You are not logged in.
Pages: 1
I think I need some advise on the topic of encodings. My system right now is a mess: One old Windows partition (NTFS), one shared FAT32 partition, both with files from a long time ago in i don't know which encoding, filenames with and without non-ascii characters, etc.
Then there are the linux partitions with mostly new files created under my current locale, en_GB, although i tried out en_GB.utf8 for a while.
My files are partly English, partly Norwegian/Swedish, so I need to accomodate the special characters of those languages, but I have no need neither for Arabic nor Korean/Japanese etc.
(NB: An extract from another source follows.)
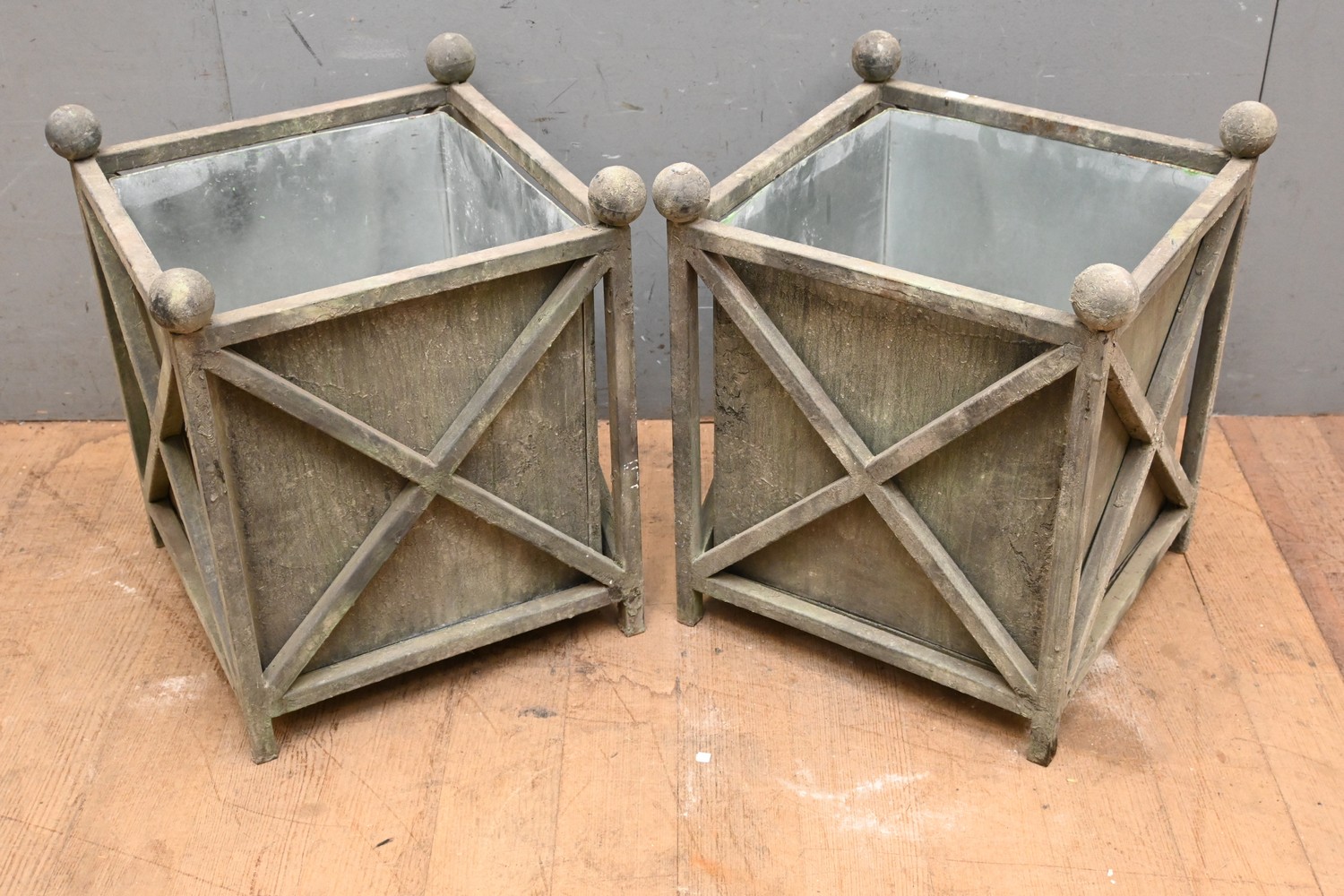 A PAIR OF METAL PLANTERS WITH REMOVABLE LINER (50H X 43W X 43D CM) (LEONARD JOEL DELIVERY SIZE: LARGE)

When I would still like to switch to a fully unicoded system, it's partly to avoid the mess, but mostly because some of the programs I need and use on a daily basis, require unicode files (lilypond, etc.). I've had some programs complain about incorrect file name encoding (gwenview, I think, or perhaps gqview), and my file names with non-ascii characters show up in several different ways, and, it seems, differently in X-apps, in consoles, in terminals, in vim, etc.
So, there you have my situation. Does anyone have experience - good or bad - with this kind of situation? Ideally, I suppose, I'd like all my files to be properly unicoded, both regarding file names and contents. But I assume this involves a potentially "dangerous" situation with a batch job with iconv?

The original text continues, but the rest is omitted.